The Senate Finance Committee is in charge of writing and rewriting the U.S. tax code. This year, the committee’s leadership is going with what they’re calling a “blank-slate” approach. They want to rewrite the tax code from scratch, wiping out all existing tax loopholes and giveaways, and either creating new ones or reconstituting some of the old favorites. The process they’ve been using involves asking members of the committee to submit their ideas for new, revived and revised tax breaks.

The deadline for these double-super-secret tax loophole preferences was July 26, 2013.

According to The Hill, here’s how it works:

Senate Finance Committee Chairman Max Baucus (D-Mont.) and the panel’s top Republican, Sen. Orrin Hatch (Utah), assured lawmakers that any submission they receive will be kept under lock and key by the committee and the National Archives until the end of 2064.

Deeming the submissions confidential, the Senate’s top tax writers have said only certain staff members — 10 in all — will get direct access to a senator’s written suggestions. Each submission will also be given its own ID number and be kept on password-protected servers, with printed versions kept in locked safes.

…Under the confidential procedures set by the Finance panel, other committee staffers will only be allowed to handle senators’ suggestions if supervised by at least of the 10 authorized staffers.

Both the Democratic and Republican sides will receive a copy of a submission, and authorized staffers are supposed to log when copies of those proposals are made, who made them and how many.

The submissions can be released publicly, the memo says, if they’re scrubbed of any way of identifying the senator behind them.

Ostensibly, the promise of secrecy is a way to encourage otherwise reluctant Senators to contribute their ideas–because it would be too scary to submit them with their names actually attached to them!

Given the mess known as the U.S. Tax Code, starting over actually sounds like an intriguing—if not totally practical—idea. But the way they’re going about it is about as undemocratic as it could possibly be: Committee members who submit their preferences have been assured that their ideas will be kept secret, to protect themselves from lobbyists and citizens who have other ideas.

Right. It would be such a bother to have citizens—constituents and taxpayers, that is—know what their representatives are doing and saying regarding taxes. We need to kept our constitutionally elected representatives safe from public scrutiny.

And, of course, secrecy will “protect” them from lobbyists. Really? You mean the lobbyists who suggest—I mean dictate —the very loopholes that Senators are proposing—I mean protecting. Senators don’t want to be protected from lobbyists: Lobbyists pay for their campaigns, for gawd’s sake. We’re the ones who need protecting.

Business Week sums it up this way:

…Any senator with a tax plea so secret it has to be physically locked away is definitely, absolutely not requesting it for the voters.

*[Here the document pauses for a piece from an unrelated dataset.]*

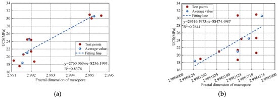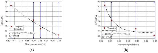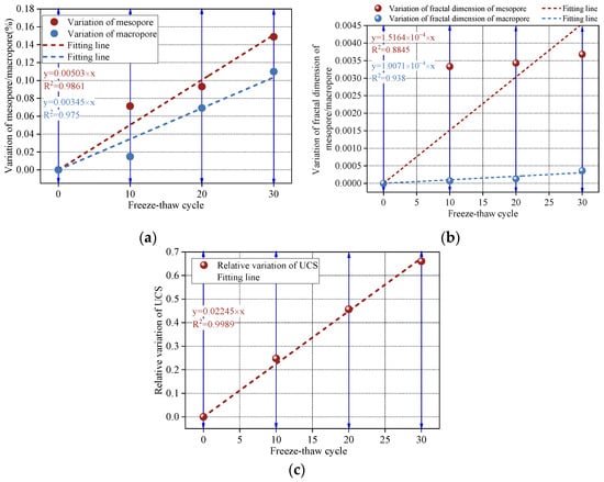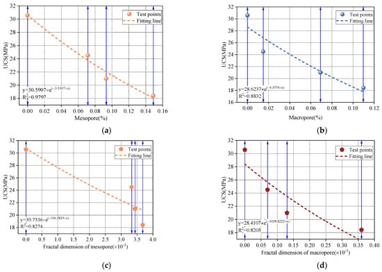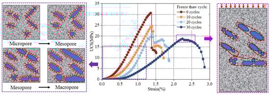 - The mesopore and macropore porosity both exhibited strong exponential correlations with UCS, with the mesopore ratio showing a stronger correlation. Similarly, the fractal dimensions of mesopores and macropores also showed exponential relationships with strength, with the mesopore fractal dimension demonstrating a stronger association. As the mesopore and macropore ratios increased, the compaction stage in the stress–strain curve became more evident, and peak strain increased. During loading failure, the interconnected mesopores caused by freeze–thaw damage reduced the deformation resistance and bearing capacity, resulting in a decrease in both the peak secant modulus and peak strength.

What a notion: Senators have the right to conduct this essential, public business in the dark, and to hide their actions in some kind of digital vault until we’re all practically, or actually, dead.  I was unhappy when the Warren Commission Report on the JFK assassination was locked away for 75 years, under the pretext of national security or some such thing. But this is beyond that. Sure, watching legislative sausage being made is ugly, but building in a  complete  lack of accountability is inexcusable. Baucus and Hatch should be embarrassed, and we should be outraged.